Read structure

The input reads usually contain the biological sequence and optionally a cell barcode, UMI, and/or hashtag. Their location on the reads is configured in the Read structure dialog (figure 6.1). See Barcodes from names if the cell barcode is not part of the input reads.

Image annotatereadswithcellandumi
Figure 6.1: The read structure for a 10x 3' gene expression protocol.

Under Library preparation, predefined read structures are available for several protocols.

Multiome ATAC

When Library preparation is set to '10x Chromium Single Cell Multiome ATAC', the 10x Multiome ATAC barcodes are translated to 10x Multiome GEX barcodes.

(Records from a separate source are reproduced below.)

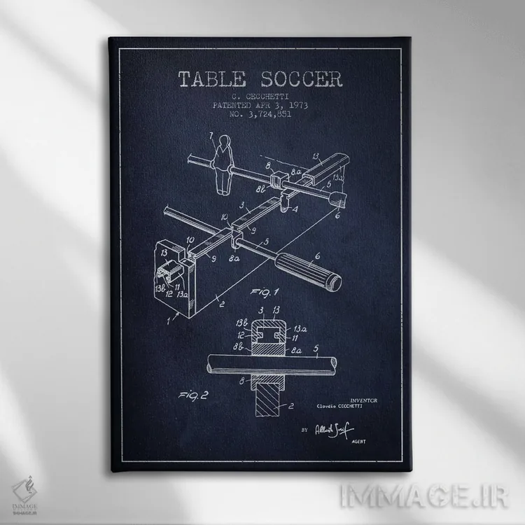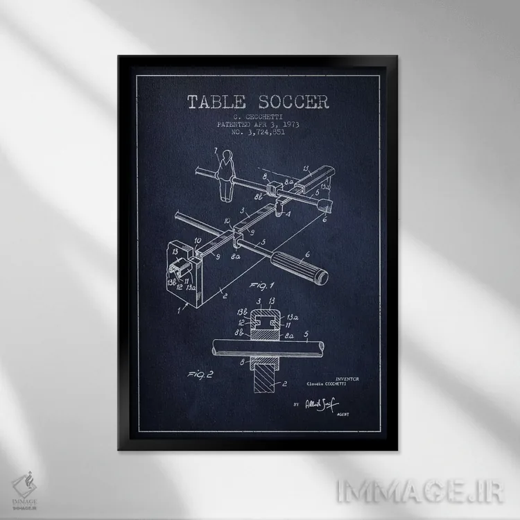 تابلو نقشهٔ ثبت اختراع فوتبال دستی (آبی نفتی) اثر پیکسل کهنه (استودیو/نام هنری)
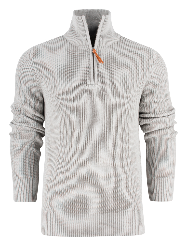 Zwaar gebreide vest met korte ritssluiting in metaal met leren zippuller. Elleboogstukken (platgebreid in dezelfde garen) op de mouwen. Ribboord aan de manchetten, de zoom onderaan en de dubbelgelaagde kraag.
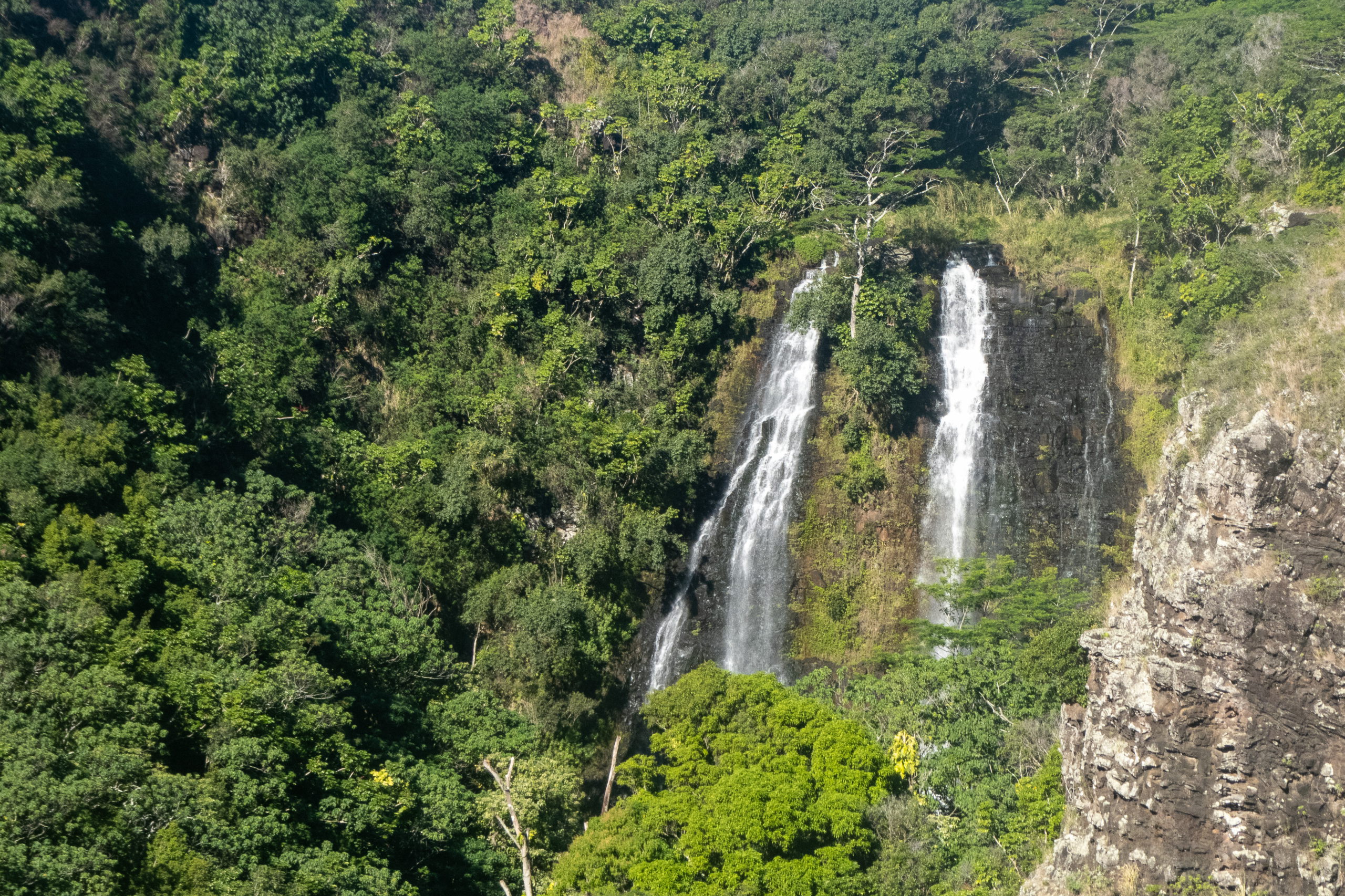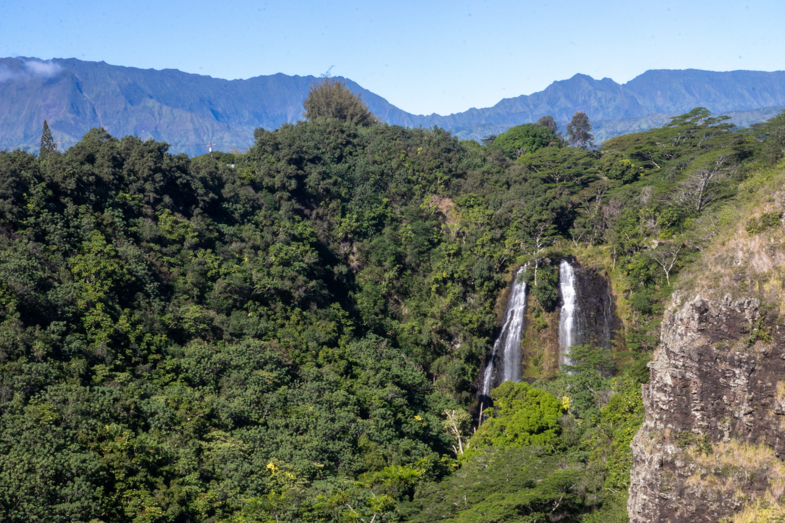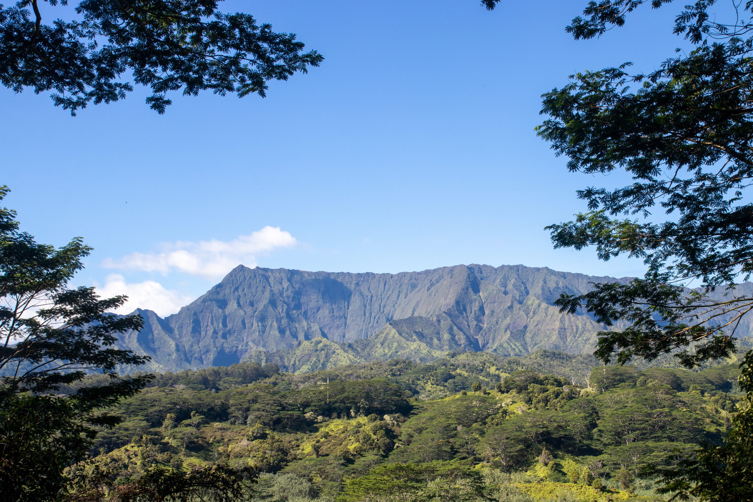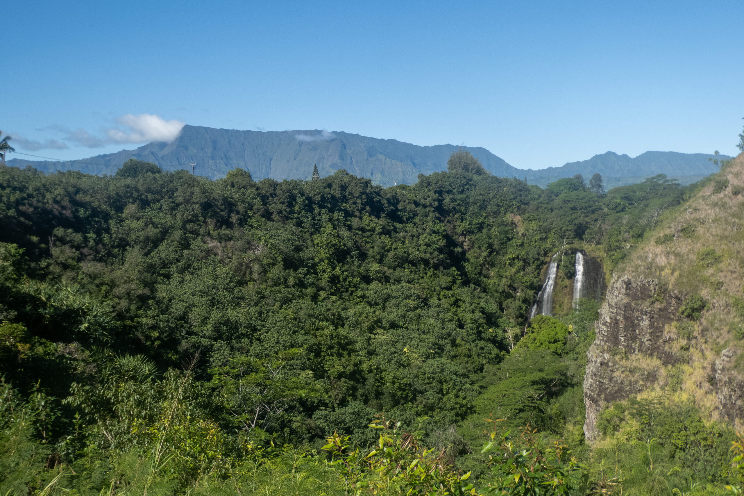 Obwohl ich schon früh eingeschlafen bin, halte ich es lange im “Bett” aus und stehe erst um neun Uhr auf, als es schon heiß wird. Am Himmel ist keine Wolke zu sehen. Suuuuper. Auf dem Weg zu meiner Wanderung halte ich kurz bei den Opaeka’a Falls. Bevor ich aber mit dem Kuilau Ridge Trail starten kann, muss ich noch meine Kopfbedeckung suchen, denn bei dem schönen Wetter geht heute nichts ohne.

This enables the combined analysis of ATAC and GEX data, for example in dimensionality reduction plots. This is illustrated in the workflow Chromatin Accessibility and Expression Analysis from Reads. Reads with barcodes that cannot be translated are discarded.

It is not possible to customize this read structure whilst retaining the barcode translation.

Parse Biosciences

When Library preparation is set to one of the Parse Biosciences options, the barcodes are translated to the well number they originate from.

The barcode order on the read structure is reversed compared to the barcoding rounds. Thus, the first barcode on R2 corresponds to the third barcoding round. During barcode translation, the barcode order is reversed so that it corresponds to the order of the barcoding rounds.

It is not possible to customize the Parse Biosciences read structures whilst retaining the barcode translation.

After the third barcoding round, cells/nuclei are pooled and optionally further split into distinct populations, known as sublibraries. Each sublibrary has a unique fourth barcode (the Illumina sample index). When sublibraries are used, it is crucial to check one of the options from Barcodes from names to correctly annotate the reads with the fourth barcode.

Custom read structure

When Library preparation is set to 'Custom', the read structure of the protocol previously selected can be updated in the two panels below.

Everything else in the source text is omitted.